Phase I Targeting Dominant Intraprostatic Lesion Using MR Spectroscopy and HDR Brachytherapy
This is a phase I study to evaluate the feasibility and safety of using MRI/MRS to identify the dominant intraprostatic lesion (DIL) and to selectively boost the lesion using inverse planned high dose rate (HDR) brachytherapy.
The main objective is to exploit the ability of MRI/MRS to identify cancer regions within the prostate or the dominant intraprostatic lesions (DIL).
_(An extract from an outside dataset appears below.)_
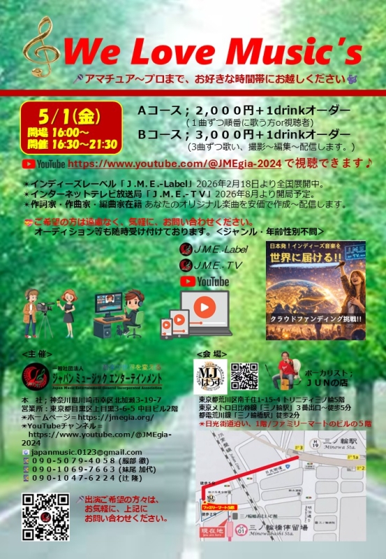 ✴2024年2月14日設立の『一般社団法人ジャパンミュージックエンターテインメント』としては、一緒に歩む「中目黒TRY」、提携した「AJACA 全日本音楽著作家協会」、そして「ANNEX CLUB」とも提携して、弊社のみならず、創業期から誓い合った「Mingeki(ミンゲキ) 代表;風間 智さん」と全国制覇(手前の目標は10万人登録ですが…)の目標に向かって歩調を早めて参ります。

The imaging data will be combined with the treatment planning CT images to define a treatment plan that will boost the dose delivered to the DIL up to 150% of the prescribed dose. Dose to the whole prostate and the dose delivered to adjacent organs will not change. This is accomplished by using inverse treatment planning software that can focus normally occurring high dose regions within the target volume to coincide with the DIL.
After enrollment, each patient will have a MRI/MRS before starting treatment. Hormonal therapy and external beam radiotherapy will be given based on current standard of practice. During HDR brachytherapy, information about the location of tumor within the prostate will be used to design the brachytherapy treatment plan. We will try to increase dose to DIL by coincide existing high dose region on DIL using inverse planning software. Dose to prostate, and adjacent structure will remain the same as the current treatment practice. Timing and the delivery of brachytherapy will not change from our current practice. After the treatment, each patient will remain on study and follow for 12 months and treatment toxicity will be evaluated. A two-stage study design will be applied with a stopping rule for safety. Once a patient comes off study he will be routinely followed for disease outcome and any late toxicities.
|Study Design:||Observational Model: Case-Only
Time Perspective: Prospective
|Official Title:||Phase I Study of Targeting Dominant Intraprostatic Lesion Using Functional MR Spectroscopy and High Dose Rate Brachytherapy|
- Estimate Grade 3 or greater genitourinary and gastrointestinal toxicity [ Time Frame: One year ] [ Designated as safety issue: Yes ]
- MRI/MRS [ Time Frame: One year ] [ Designated as safety issue: No ]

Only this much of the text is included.